Handpicked by promoters around 13 years ago, the brothers had asked Godhwani to take charge of their non-banking finance company called Fortis. The Godhwanis, who were into the business of leather accessories, were known to the Singhs for at least two generations- hence the offer.
Godhwani turned the tiny Fortis into a sprawling empire under Religare, with interests across various financial services verticals. He had also overseen a popular IPO in November 2007. The shares which were offered for Rs 185 in the IPO had listed at 75 premium and had shot up to Rs 500 levels, before the market crashed in early 2008.
However, the last few years have been challenging for the firm amid mounting losses, despite divestment of interests in life insurance, mutual funds and other verticals. Last year, the Singh brothers, who were not part of the Religare board earlier, returned with Malvinder taking the position of the chairman. Godhwani was then given the position of CEO, following which he was made the full-time director of Religare. On Thursday, he stepped down from that position too without assigning any reasons.
Related party deals
On Saturday, the postal ballot for shareholders to vote on a resolution for approval of a related party transaction will close. Religare wants to make further investments of up to Rs 500 crore in one or more tranches in equity or preference shares in Religare Capital Markets (RCML), a subsidiary.

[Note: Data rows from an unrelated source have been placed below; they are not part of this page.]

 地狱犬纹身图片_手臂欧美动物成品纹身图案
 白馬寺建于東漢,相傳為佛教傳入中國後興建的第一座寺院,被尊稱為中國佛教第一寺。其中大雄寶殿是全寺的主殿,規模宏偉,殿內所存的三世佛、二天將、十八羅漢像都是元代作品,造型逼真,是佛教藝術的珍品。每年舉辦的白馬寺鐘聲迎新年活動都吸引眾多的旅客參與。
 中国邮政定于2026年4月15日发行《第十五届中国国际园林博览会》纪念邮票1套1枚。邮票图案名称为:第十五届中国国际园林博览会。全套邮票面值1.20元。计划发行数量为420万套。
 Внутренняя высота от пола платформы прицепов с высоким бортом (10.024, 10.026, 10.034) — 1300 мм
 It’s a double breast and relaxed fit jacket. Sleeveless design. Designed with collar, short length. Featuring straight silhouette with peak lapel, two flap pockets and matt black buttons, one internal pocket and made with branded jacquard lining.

RCML needs additional funds for its India operations and would transfer a certain sum of the investment to its subsidiary-- Religare Capital Markets International (Mauritius) to help it repay its liabilities. Both the entities (RCML and RCMIML) have piled up losses. REL has already made a provision of Rs 30 crore for the diminution in the value of its existing investment in RCML.
Further, the company has stated that the provision for the diminution of the proposed investment of Rs 500 crore shall also be created in the company's books of accounts since RCML is in losses. Proxy firm SES has criticised the transaction and asked shareholders to seek more details.

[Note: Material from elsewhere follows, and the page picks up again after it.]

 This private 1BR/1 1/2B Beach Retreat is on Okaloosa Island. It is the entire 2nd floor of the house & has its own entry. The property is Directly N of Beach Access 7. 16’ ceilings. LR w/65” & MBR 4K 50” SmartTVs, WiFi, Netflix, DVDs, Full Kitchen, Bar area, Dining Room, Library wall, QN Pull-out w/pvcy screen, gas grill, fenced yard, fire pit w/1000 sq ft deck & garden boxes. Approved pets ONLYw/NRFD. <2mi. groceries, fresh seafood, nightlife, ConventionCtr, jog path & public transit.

"The Board before seeking shareholders' approval for the proposed investment should have considered all the options available, including but not limited to the revival plan of these two subsidiaries. The company should disclose to the shareholders, the action plan going forward, and give adequate justification to further the (proposed) investment, despite the fact that present investment has already suffered diminution in its value," it said in a report.
“Further, the company has mentioned that the standby letter of credit facility availed by RCMIML is falling due for repayment and RCML also needs additional funds for its India operations. SES believes that the company should bring separate resolutions for these two investments. In view of these concerns, SES recommends that shareholders vote against the resolution," stated the SES report further.
Separately, SES has also opposed a resolution to raise funds by the issue of debentures for this investment at the company’s annual general meeting.
A Religare spokesperson did not respond to an e-mail seeking comments on the recommendations.
Further, the company is also named a party in a petition by IDBI Trusteeship Services, which has challenged the right of certain shareholders to vote on this transaction. "The company strongly believes that IDBI Trusteeship Services has wrongly made the company as the party to its petition against certain shareholders of the company and the company will strongly oppose and defend itself," Religare said in a statement to the exchanges.
These shareholders have pledged their shares with the IDBI Trusteeship and falling share prices are not helping shareholders, including promoters, who have pledged their shares. The Bombay High Court is likely to hear the petition on Friday. Reflecting these concerns, the shares have lost over 60 per cent in the past month and 81 per cent in the current financial year. On Friday, they ended with gains of around 5 per cent at Rs 40.4.